# Grape Crushing - Old School



## Millzy64 (Feb 12, 2010)

This past fall I made a last minute decision to do a 3 gallon batch of
Port style wine. I wanted to try and make it in the most authentic style as
possible. I picked up a case of some nice Merlot grapes from Napa
(okay, not the usual Port grape, but they looked really good!) and
decided that I was going to have my daughter crush them the "old
fashioned way". It was a pretty cold day and she was a good sport
about it. You can see the video here (if I've done this right)http://tinypic.com/m/90rf5f/1 Thought you all might appreciate it. 

On a side note, it
came out pretty darn good and I can't wait to taste it after it has a
chance to age a while. I halted the fermentation with grain to bring it up to around 20% ABV, leaving some of the residual sugar to sweeten it.

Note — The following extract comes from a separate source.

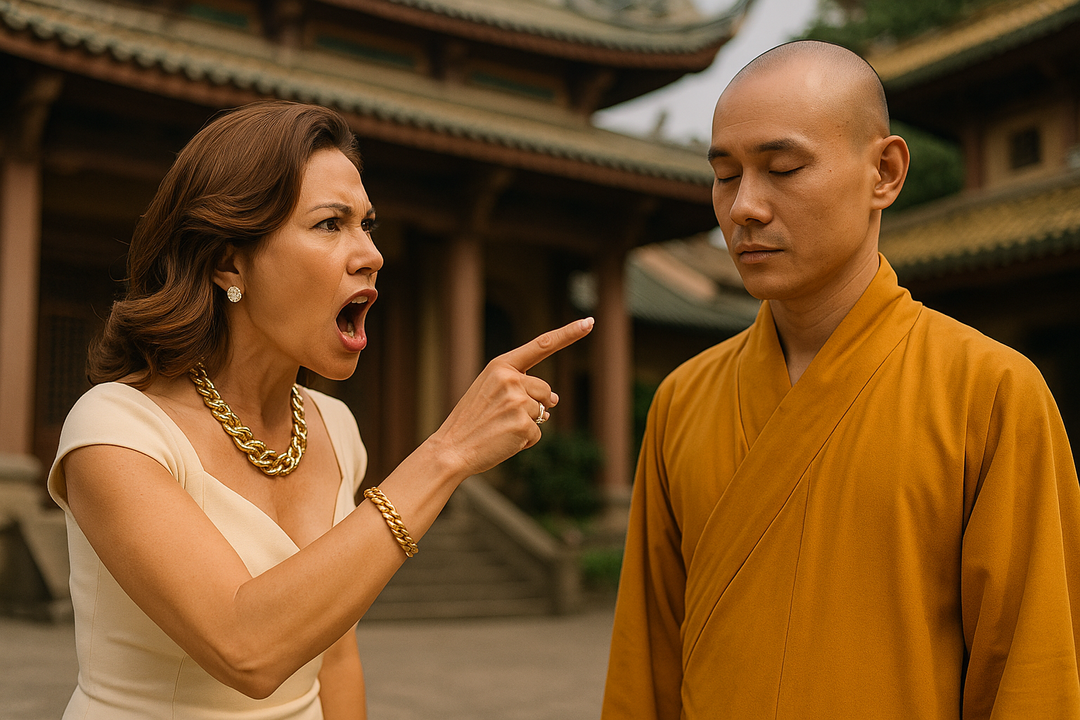 Nó coi trúng một cái clip. Bà kia đang chửi ông sư. Chửi ác liệt. Chửi kiểu muốn đốt sạch chùa luôn. Từng câu, từng chữ như dao phay. Xong bà vừa livestream, còn ngồi mím môi như kiểu “tao nói đúng mà mày làm gì tao được?”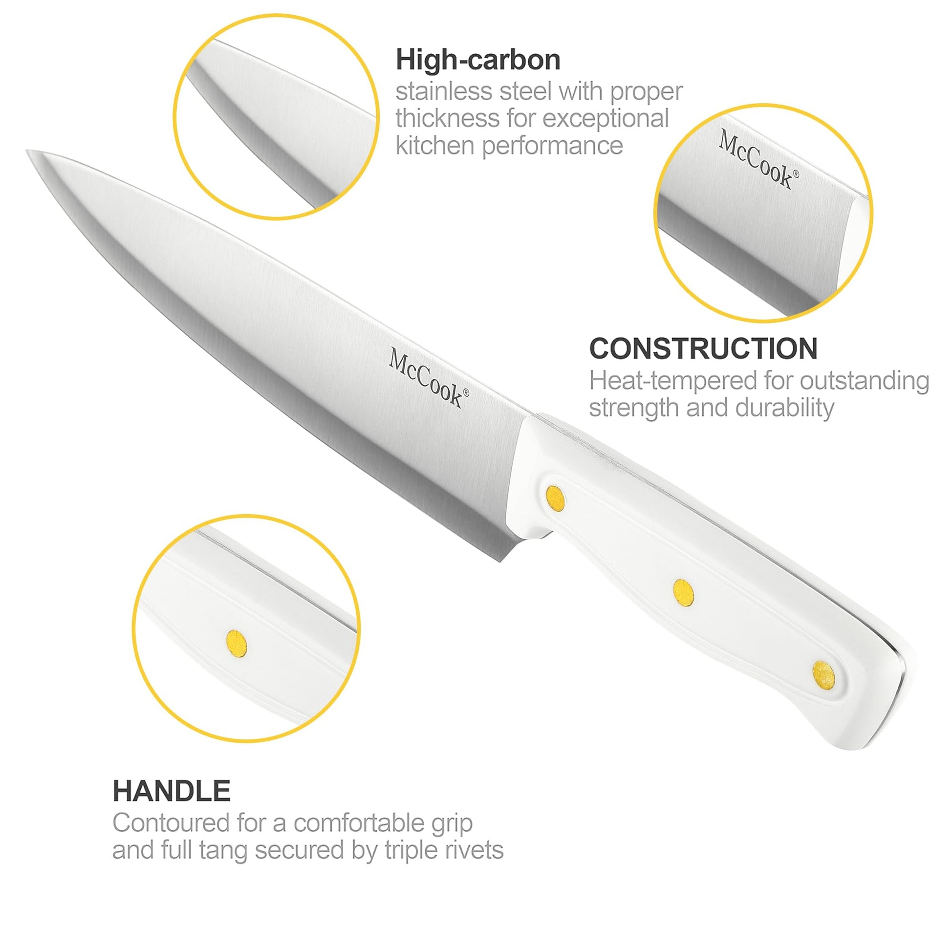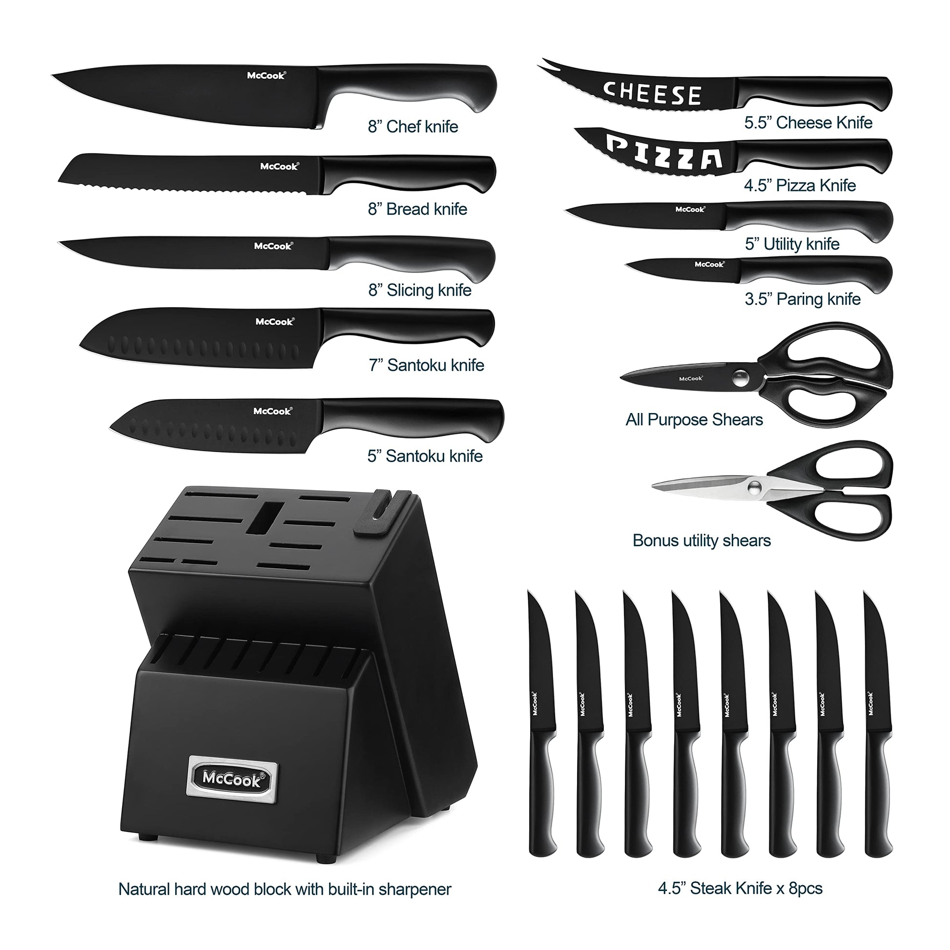 - 【Service】McCook knife sets for kitchen with block is easy and fast to use. A fantastic addition to your kitchen. Perfect for Valentine's Day, Wedding, Birthday, Housewarming, Thanksgiving, Halloween, Christmas.

http://tinypic.com/m/90rf5f/1


----------



## robie (Feb 12, 2010)

The video is fun. Seems like the whole, uncrushed grapes kept squirting back to the surface without ever getting crushed. Wonder how they would ever get all the grapes individually opened up, when doing the crushing inside a big, walk-around vat?


----------



## Wade E (Feb 12, 2010)

Yes it does look like those elusive grapes didnt want to get crushed that way!


----------



## peaches9324 (Feb 13, 2010)

child abuse


----------



## admiral (Feb 13, 2010)

Great idea, great video, great daughter. Thanks.


----------



## Millzy64 (Feb 13, 2010)

The video was the very first minutes of the crush. She stayed in there for about 10 minutes, determined to really crush them good. After that time, they were crushed better than any mechanical crusher I've ever used. It was a mash. At first I was thinking it wasn't going to work, but once she really got stomping, those grapes didn't stand a chance!


----------



## admiral (Feb 13, 2010)

I bet you are going to wish this was 6 gallons. Great memory.


----------



## Millzy64 (Feb 15, 2010)

I do regret not making a bigger batch. It tastes great already. Can't wait to see how it is after a year in the bottle, if makes it that long! LOL I made some Port style blackberry last year and I fortified it with brandy. I also fermented to dry and then back sweetened it. I came out pretty good but I had to add so much brandy to get it up to around 20% ABV that it really overpowered the berry flavors. I found that by halting the fermentation with the grain I could add less and keep that nice natural sweetness from the grapes. I can't wait until next fall to do it again, but on a larger scale.


----------



## rrawhide (Feb 15, 2010)

Hey Bob

Great video - gotta hand it to you daughter 

- do not think that mine would have done that. I bet she will be nowhere to be found with the 'bigger" batch next year. Maybe she could invite all her friends and have a 'stomp' with music.

Good job Bob

rrawhide


----------



## smokegrub (Feb 15, 2010)

: )


----------



## peaches9324 (Feb 15, 2010)

yea! have a grape crushing party! music and snacks..make it look like it's for their benefit!


----------



## Millzy64 (Feb 15, 2010)

Good idea. But I think I'm going to need a bigger bucket!


----------